SOURCE RECORDS:

---+---

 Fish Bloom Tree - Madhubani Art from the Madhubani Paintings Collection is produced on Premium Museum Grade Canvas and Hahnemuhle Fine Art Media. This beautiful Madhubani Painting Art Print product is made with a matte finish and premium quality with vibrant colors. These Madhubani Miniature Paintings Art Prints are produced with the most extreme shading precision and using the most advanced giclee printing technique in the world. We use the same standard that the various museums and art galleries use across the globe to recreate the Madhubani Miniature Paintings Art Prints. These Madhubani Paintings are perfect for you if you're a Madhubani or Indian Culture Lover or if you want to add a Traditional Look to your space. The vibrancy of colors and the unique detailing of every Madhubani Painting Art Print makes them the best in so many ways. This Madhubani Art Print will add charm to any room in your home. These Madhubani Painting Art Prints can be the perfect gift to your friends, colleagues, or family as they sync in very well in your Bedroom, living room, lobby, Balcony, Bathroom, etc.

---+---

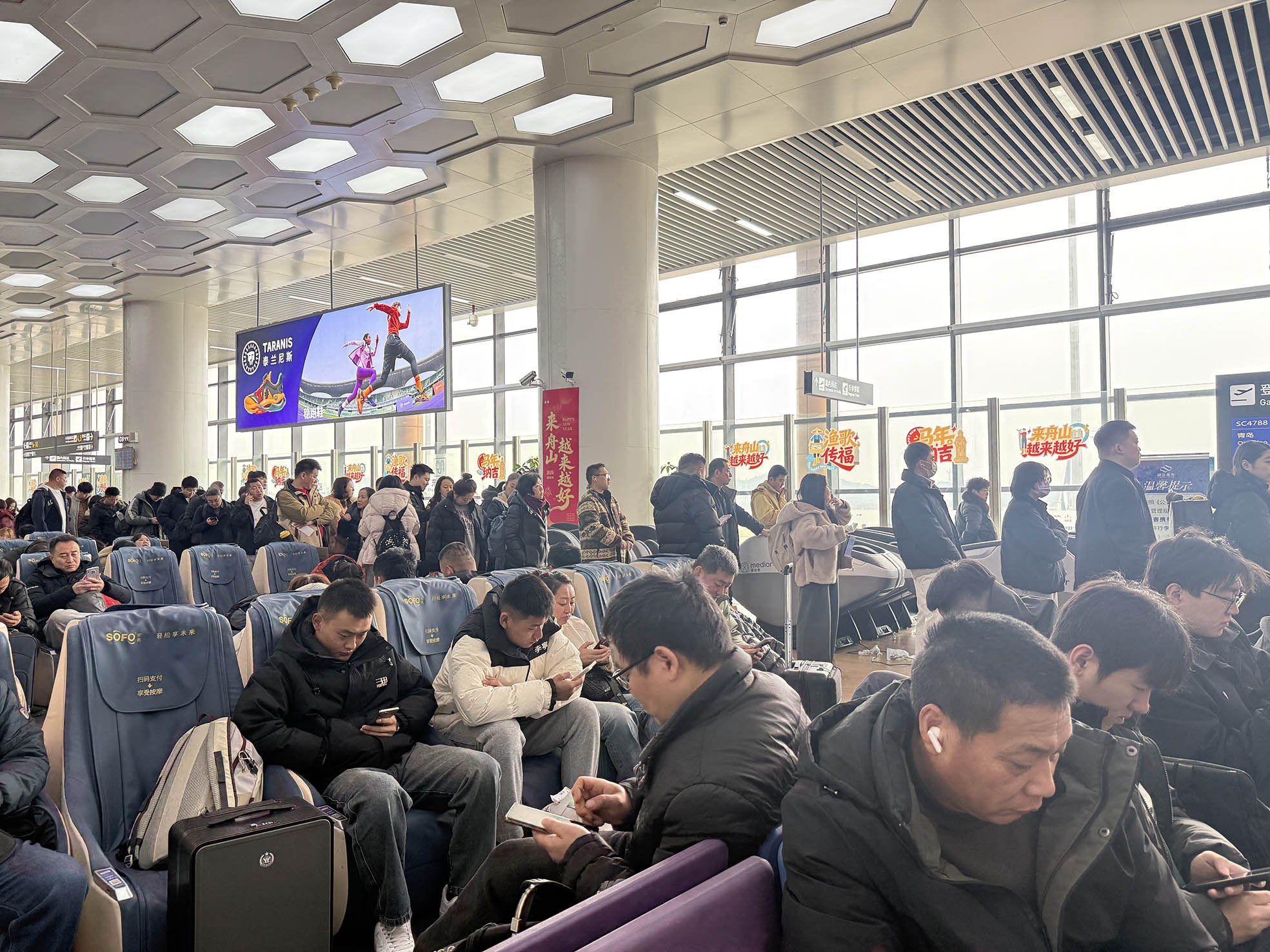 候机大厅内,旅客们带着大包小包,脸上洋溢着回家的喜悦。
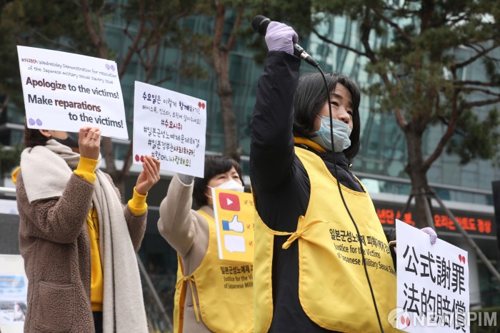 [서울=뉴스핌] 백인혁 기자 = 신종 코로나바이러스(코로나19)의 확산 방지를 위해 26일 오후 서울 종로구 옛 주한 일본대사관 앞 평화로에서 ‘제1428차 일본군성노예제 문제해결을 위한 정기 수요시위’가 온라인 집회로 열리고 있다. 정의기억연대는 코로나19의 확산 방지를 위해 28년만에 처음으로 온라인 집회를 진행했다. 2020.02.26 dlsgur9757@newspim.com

---+---

PROBLEM: Copy the lines above exactly, starting with the line that contains "候机大厅内,旅客们带着大包小包,脸上洋溢着回家的喜悦。" and ending with the line that contains "[서울=뉴스핌] 백인혁 기자", and leave out any pictures.

ANSWER FOR THE TASK:
 候机大厅内,旅客们带着大包小包,脸上洋溢着回家的喜悦。
 [서울=뉴스핌] 백인혁 기자 = 신종 코로나바이러스(코로나19)의 확산 방지를 위해 26일 오후 서울 종로구 옛 주한 일본대사관 앞 평화로에서 ‘제1428차 일본군성노예제 문제해결을 위한 정기 수요시위’가 온라인 집회로 열리고 있다. 정의기억연대는 코로나19의 확산 방지를 위해 28년만에 처음으로 온라인 집회를 진행했다. 2020.02.26 dlsgur9757@newspim.com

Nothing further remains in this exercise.